- Outfielder
- Born: June 8, 1931 Flint, Michigan, U.S.
- Died: May 23, 2009 (aged 77) Flint, Michigan, U.S.
- Batted: RightThrew: Right

Teams
- Peoria Redwings (1951);

= Mary McCarty (baseball) =

American baseball player

Mary McCarty [Jennings] (June 8, 1931 – May 23, 2009) was a backup outfielder who played in the All-American Girls Professional Baseball League (AAGPBL). Listed at 5' 6", 180 lb., McCarty batted and threw right handed. She was dubbed Mick by her teammates.

Born in Flint, Michigan, Mary McCarty played three years of softball and one year of baseball before joining the league with the Peoria Redwings in its 1951 season.
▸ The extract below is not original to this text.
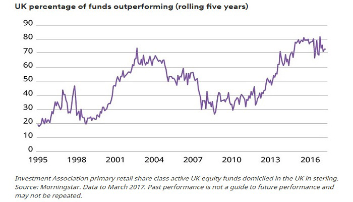 Bearing this in mind, Ralston looked at the UK market and only included funds benchmarked to a broad index. He only included funds that had a full five years of performance history at a given date.

In a 72-game career, McCarty posted a batting average of .169 (35-for-207) with 24 RBI and 20 runs scored, including six doubles, two triples, and nine stolen bases.

As a fielder, she hauled in 83 putouts with nine assists and turned four double plays, while committing nine errors in 101 total chances for a .922 fielding average.

The All-American Girls Professional Baseball League folded in 1954, but there is now a permanent display at the Baseball Hall of Fame and Museum at Cooperstown, New York, since November 5, 1988, that honors those who were part of the league. Mary, along with the rest of the girls and the league staff, is included at the display/exhibit.